— Required work —
Restate, word for word and with no pictures, the stretch of lines in the data below that begins at the line with "L'évolution du nombre" and ends at the line with "Komomboka Damen Gestreifter", inclusive.

— Source material —
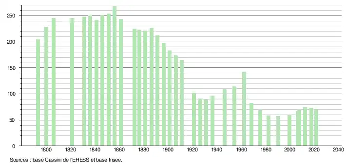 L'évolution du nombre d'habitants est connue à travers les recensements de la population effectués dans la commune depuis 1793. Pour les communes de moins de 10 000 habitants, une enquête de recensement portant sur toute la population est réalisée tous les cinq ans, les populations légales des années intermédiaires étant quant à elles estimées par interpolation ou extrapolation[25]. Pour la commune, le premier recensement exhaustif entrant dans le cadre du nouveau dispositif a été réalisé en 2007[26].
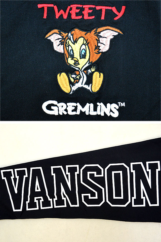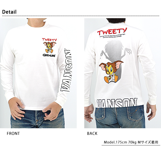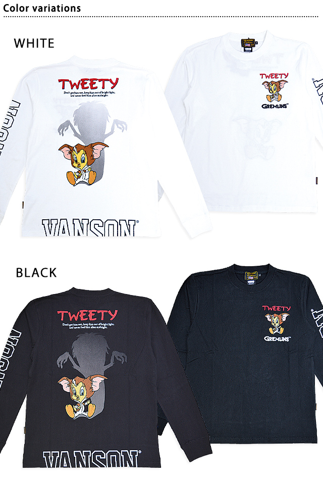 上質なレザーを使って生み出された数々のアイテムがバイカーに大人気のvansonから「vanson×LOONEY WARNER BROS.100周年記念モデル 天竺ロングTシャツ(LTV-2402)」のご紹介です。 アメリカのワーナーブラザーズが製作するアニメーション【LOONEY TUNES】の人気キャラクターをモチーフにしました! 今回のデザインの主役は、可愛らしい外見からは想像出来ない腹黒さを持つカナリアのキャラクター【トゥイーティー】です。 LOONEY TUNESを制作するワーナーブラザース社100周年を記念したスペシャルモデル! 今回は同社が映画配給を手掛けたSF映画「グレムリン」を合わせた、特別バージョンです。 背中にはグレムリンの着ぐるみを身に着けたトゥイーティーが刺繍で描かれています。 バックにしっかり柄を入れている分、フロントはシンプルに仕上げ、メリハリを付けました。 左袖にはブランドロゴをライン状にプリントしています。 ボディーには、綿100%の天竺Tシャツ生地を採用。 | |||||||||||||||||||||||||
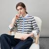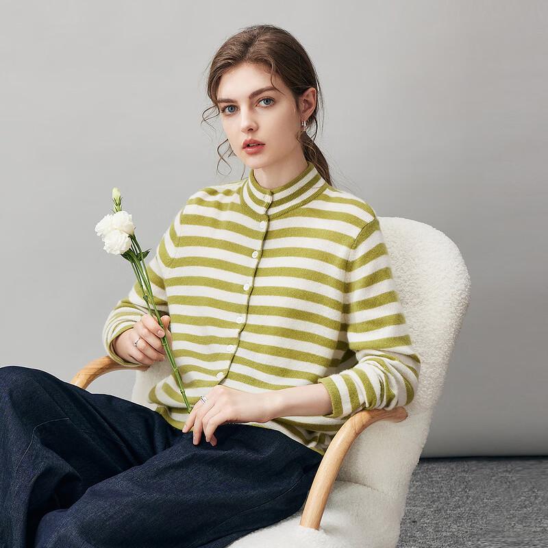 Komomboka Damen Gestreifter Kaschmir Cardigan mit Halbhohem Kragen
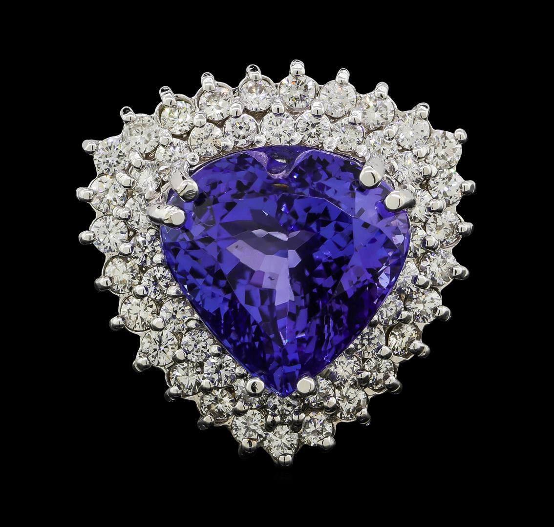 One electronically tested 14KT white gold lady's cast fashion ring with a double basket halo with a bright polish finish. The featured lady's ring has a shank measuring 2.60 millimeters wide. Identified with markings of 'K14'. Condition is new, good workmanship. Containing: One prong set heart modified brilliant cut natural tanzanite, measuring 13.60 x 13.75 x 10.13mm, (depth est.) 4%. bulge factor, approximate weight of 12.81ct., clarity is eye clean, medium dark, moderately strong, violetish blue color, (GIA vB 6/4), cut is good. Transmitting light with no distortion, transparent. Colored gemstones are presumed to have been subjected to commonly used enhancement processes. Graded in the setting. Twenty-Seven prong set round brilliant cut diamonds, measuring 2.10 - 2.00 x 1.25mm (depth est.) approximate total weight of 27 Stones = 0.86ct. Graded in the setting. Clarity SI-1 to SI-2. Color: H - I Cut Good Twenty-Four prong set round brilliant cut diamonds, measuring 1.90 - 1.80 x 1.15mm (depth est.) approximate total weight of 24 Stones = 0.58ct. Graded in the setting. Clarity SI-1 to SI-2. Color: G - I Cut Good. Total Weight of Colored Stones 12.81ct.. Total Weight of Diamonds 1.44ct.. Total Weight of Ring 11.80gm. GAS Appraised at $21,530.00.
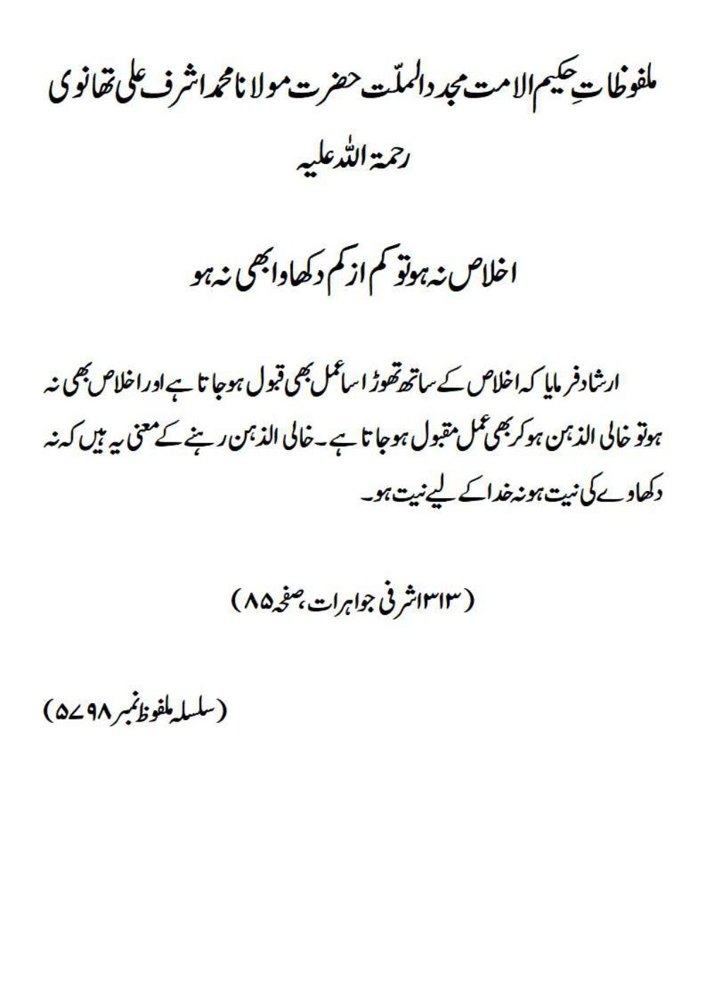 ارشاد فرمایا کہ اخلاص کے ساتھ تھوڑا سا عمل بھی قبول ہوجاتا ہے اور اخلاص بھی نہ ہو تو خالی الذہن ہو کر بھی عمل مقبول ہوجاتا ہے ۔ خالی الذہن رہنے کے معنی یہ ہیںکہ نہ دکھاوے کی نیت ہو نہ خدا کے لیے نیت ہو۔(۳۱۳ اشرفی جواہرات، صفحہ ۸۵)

* * *

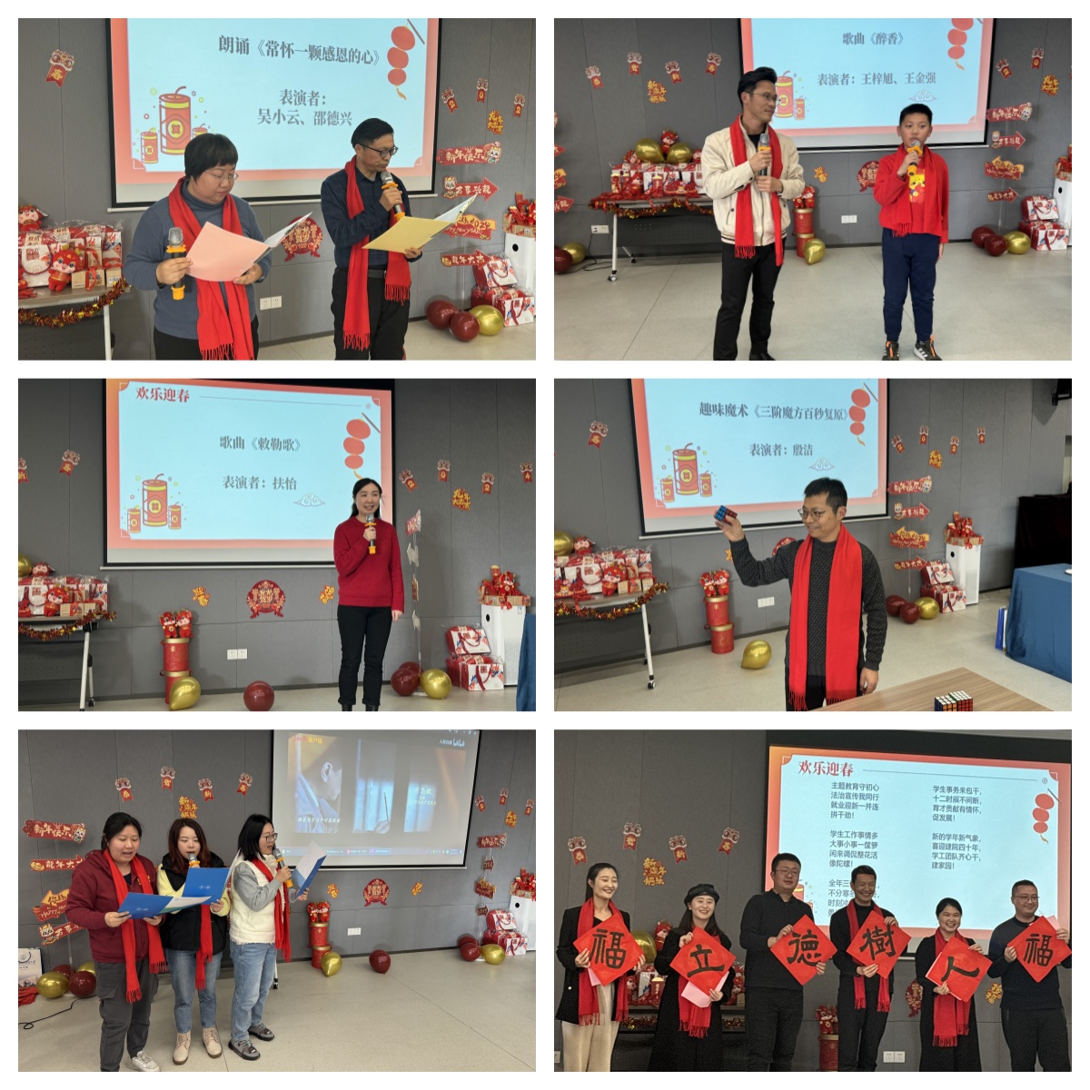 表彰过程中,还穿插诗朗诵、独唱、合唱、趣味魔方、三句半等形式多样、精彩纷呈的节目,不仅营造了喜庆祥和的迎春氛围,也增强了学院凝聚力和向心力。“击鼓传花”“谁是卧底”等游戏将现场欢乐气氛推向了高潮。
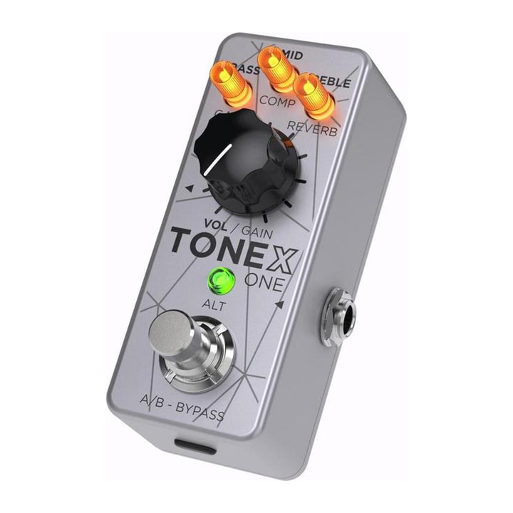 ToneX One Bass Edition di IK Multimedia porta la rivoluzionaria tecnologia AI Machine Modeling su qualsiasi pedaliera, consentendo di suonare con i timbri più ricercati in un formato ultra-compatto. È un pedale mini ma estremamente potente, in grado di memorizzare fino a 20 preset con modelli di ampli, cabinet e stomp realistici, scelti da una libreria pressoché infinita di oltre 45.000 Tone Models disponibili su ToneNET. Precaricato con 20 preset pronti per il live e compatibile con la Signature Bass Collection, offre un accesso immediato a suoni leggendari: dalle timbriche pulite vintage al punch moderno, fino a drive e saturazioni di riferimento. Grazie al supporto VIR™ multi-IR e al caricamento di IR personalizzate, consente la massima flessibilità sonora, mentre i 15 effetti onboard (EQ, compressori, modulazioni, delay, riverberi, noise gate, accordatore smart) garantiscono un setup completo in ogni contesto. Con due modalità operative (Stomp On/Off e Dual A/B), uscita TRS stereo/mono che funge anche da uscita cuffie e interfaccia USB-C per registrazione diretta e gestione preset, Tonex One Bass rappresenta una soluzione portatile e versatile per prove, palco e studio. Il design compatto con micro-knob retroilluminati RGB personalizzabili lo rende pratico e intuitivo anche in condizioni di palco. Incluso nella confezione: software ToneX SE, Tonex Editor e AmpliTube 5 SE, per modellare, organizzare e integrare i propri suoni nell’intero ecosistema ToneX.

— Written solution —
 L'évolution du nombre d'habitants est connue à travers les recensements de la population effectués dans la commune depuis 1793. Pour les communes de moins de 10 000 habitants, une enquête de recensement portant sur toute la population est réalisée tous les cinq ans, les populations légales des années intermédiaires étant quant à elles estimées par interpolation ou extrapolation[25]. Pour la commune, le premier recensement exhaustif entrant dans le cadre du nouveau dispositif a été réalisé en 2007[26].
 上質なレザーを使って生み出された数々のアイテムがバイカーに大人気のvansonから「vanson×LOONEY WARNER BROS.100周年記念モデル 天竺ロングTシャツ(LTV-2402)」のご紹介です。 アメリカのワーナーブラザーズが製作するアニメーション【LOONEY TUNES】の人気キャラクターをモチーフにしました! 今回のデザインの主役は、可愛らしい外見からは想像出来ない腹黒さを持つカナリアのキャラクター【トゥイーティー】です。 LOONEY TUNESを制作するワーナーブラザース社100周年を記念したスペシャルモデル! 今回は同社が映画配給を手掛けたSF映画「グレムリン」を合わせた、特別バージョンです。 背中にはグレムリンの着ぐるみを身に着けたトゥイーティーが刺繍で描かれています。 バックにしっかり柄を入れている分、フロントはシンプルに仕上げ、メリハリを付けました。 左袖にはブランドロゴをライン状にプリントしています。 ボディーには、綿100%の天竺Tシャツ生地を採用。 | |||||||||||||||||||||||||
 Komomboka Damen Gestreifter Kaschmir Cardigan mit Halbhohem Kragen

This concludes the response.